Я рыдаю и не могу остановиться.
- Мы проведем курс терапии и попробуем вычеркнуть Бето из твоей жизни, – отвечает терапевт.
- Вычеркнуть?
- Вот именно, вычеркнуть. Бето навсегда исчезнет из твоей памяти. Ты согласна на это?
- Вы мозги мне промоете что ли? – Я руками вытерла слезы.
- Я почищу твою память, Ната. Мы добьемся, чтобы воспоминания о нем остались в прошлом, а не в настоящем как сейчас. Их место там, а не здесь. Мы загоним их в прошлое, потому что они нам ни к чему и только мешают. Эти воспоминания принадлежат нам прежним, но не теперешним... Прежде чем избавиться от них, ты должна четко представлять, что их у тебя больше не будет. Никогда не будет. Прежде чем начать, мне нужно знать, согласна ли ты навсегда расстаться с тем, что связывает тебя с Альберто.

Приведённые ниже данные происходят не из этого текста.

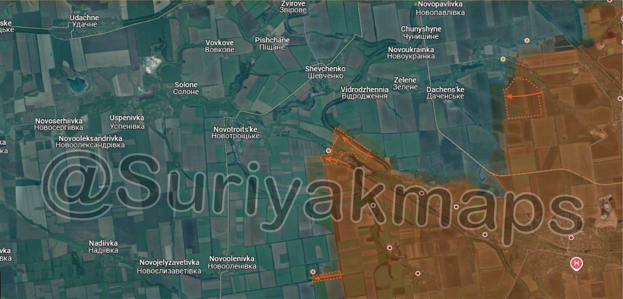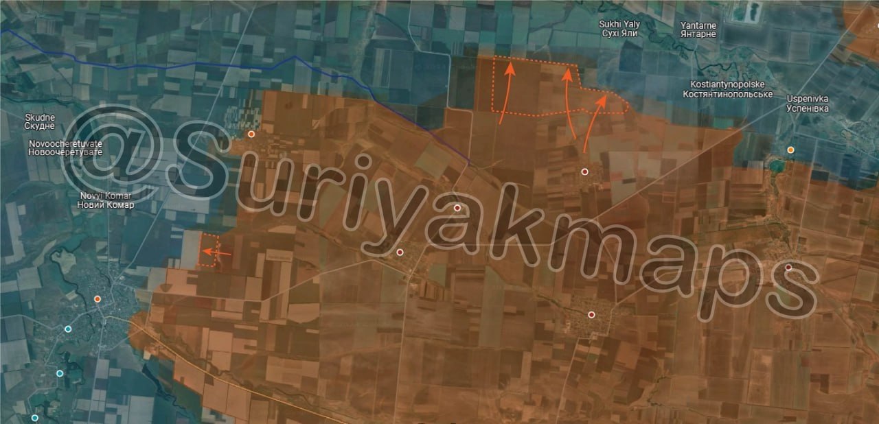 Ситуация в районе Великой Новоселки: российские войска продвинулись на север от Максимовки в сторону н. п. Сухие Ялы.

- Я хочу, чтобы он ушел, только это...
Терапевт достала старые, громко тикающие часы и спросила, хорошо ли я слышу их тиканье. Тик-так. Я кивнула, спросив, в свою очередь, с опаской:
- Вы станете меня гипнотизировать? И что со мной будет под гипнозом? Не будет ли мне после казаться, что все разгуливают по улице голышом, как было с людьми на какой-то телепередаче?

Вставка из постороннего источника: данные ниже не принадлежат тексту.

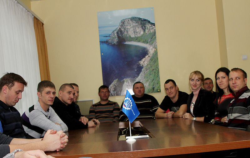 Поездка на ДВЗ "Звезда"Представители аппарата Приморского регионального отделения Союза машиностроителей России, выполняя обещание — наградить медалями за второе место на VI слете спортивные коллективы заводов "Прогресс"и "Звезда"— ранним утром 14 ноября отправились в путь. Кстати, не только для вручения наград, но и по другому, не менее значимому поводу. Курсом — на Большой Камень!Как несложно догадаться, цели командировки были самыми мирными: предстояло торжественное вручение наград "серебряным"призерам, проявившим себя на соревнованиях машиностроителей с лучшей стороны, а в отдельных видах выступившим просто блестяще (!), а также фото— и видеоотчетов спортивных баталий и сувениров. Кроме того, в планах было вручение членских билетов и значков "новообращенным"членам ПРО СМР. Забегая вперед, скажем, что команда завода "Прогресс"получила свои положенные награды чуть раньше, также сразу скажем, что команда "Звезда"оставалась на маршруте последней. И мнение о том, что встреча на заводе превзошла все ожидания, оказалось, как всегда, верным. Нам, то есть гостям, пришлось некоторе время подождать. Причина проста — огромный завод жил и работал, поэтому попасть на прием к директору предприятия оказалось делом непростым. Тут же завязался непринужденный разговор представителей аппарата ПРО СоюзМаш Александра Басова и Михаила Ясько с заместителем директора Владимиром Антошиным и редактором заводской газеты Инной Мамушкиной. Не откладывая "на потом", здесь же, в просторной приемной, состоялось торжественное вручение исполняющему обязанности главного инженера завода Алексею Степанову удостоверения члена Союза машиностроителей России. Это пусть и отдаленно, но напомнило не раз виденное в фильмах про войну вручение партбилетов на передовой. Получилось по-домашнему и по-своему символично — принятие в ряды "союзмашевцев"прямо на рабочем месте, в буквальном смысле. Это "цеховое"вручение стало своеобразным прологом дальнейших событий. У директора…Совещание у директора закончилось, и нас пригласили в кабинет. Диалог оказался по-производственному коротким и информативным. Александр Басов представил нас генеральному директору Дальневосточного завода "Звезда"Владимиру Аверину и обозначил цель приезда и план работы делегации. Закончил главным: прибыли "пообщаться непосредственно с членами организации". Дело в том, что в этот день СМР пополнился еще 22 сотрудниками завода, которые прежде не раз участвовали во всех мероприятиях, проводимых Союзом. Вот с ними-то и предстояло общение. Впрочем, отвлекать ребят от работы на долгое время никто не планировал и особо "надоедать"не собирался. Поскольку все формальности и протокол были соблюдены, такое разрешение администрация дала, и делегация им немедленно воспользовалась. Совет молодежи работает!Пока гости общались с руководством предприятия, в кабинете технического директора оперативно собрался Совет молодежи. Подавляющее большинство ребят являются членами спортивной команды — серебряными призерами VI cлета машиностроителей Приморского края. Выступление "Звезды"оказалось на редкость удачным, и смотрелась команда очень и очень достойно, о чем говорит почетное второе место, что является большим успехом. Большекаменцы не только спутали карты соперникам, но и озадачили организаторов

- Нет, я не стану тебя гипнотизировать, – засмеялась терапевт.
Я тоже робко хихикнула.
- Вернись к воспоминаниям, Ната, и постарайся перенести их из прошлого в наши дни, чтобы понять: они уже не часть тебя. Постарайся добиться, чтобы они ушли и больше никогда не возвращались, или, по крайней мере, не причиняли бы боли, если все же вернутся.
Я высморкалась.
- Нам нужно начать с самого болезненного из воспоминаний о твоих отношениях с Бето. Я имею в виду не причину твоих страданий, а какую-то фразу, сцену из вашей жизни, какую-то картину, пейзаж, словом, то, что больше всего мешает тебе жить сейчас. Ты закроешь глаза и станешь рассказывать об этом, пока тикают часы. Это тиканье будет вести тебя от одного воспоминания к другому. Тебе не нужно выстраивать их в хронологическом порядке. Пусть они текут, как им угодно, под мерное тиканье. Вряд ли ты это поймешь, но часы сами разберутся с ними. Ты будешь перескакивать с одного воспоминания на другое до тех пор, пока я не скажу тебе снова вернуться к первому из них и не сказать мне о нем... Ну что, готова?
- Д-да...
- С чего начнем, Ната?
- С пляжа.
- Что ты помнишь о пляже?
- Мы были там.
- Закрой глаза, Ната, слушай только тиканье часов и рассказывай, что было на пляже.
Я закрыла глаза и постаралась слушать тиканье часов, но услышала лишь громкий автомобильный гудок, донесшийся с улицы. Я не могла сосредоточиться.
- Пляж, Ната. Что произошло на пляже?
- Ничего...
Я знаю, что на пляже не случилось ничего особенного, и не понимаю, почему выбрала именно пляж. Впрочем, это неважно. Я снова закрываю глаза и глубоко дышу. Наконец-то я слышу тиканье часов. Только тиканье. Тик-так. Тик-так. Этот звук смешивается с плеском волн и тихим шелестом прибоя. Я начинаю рассказ.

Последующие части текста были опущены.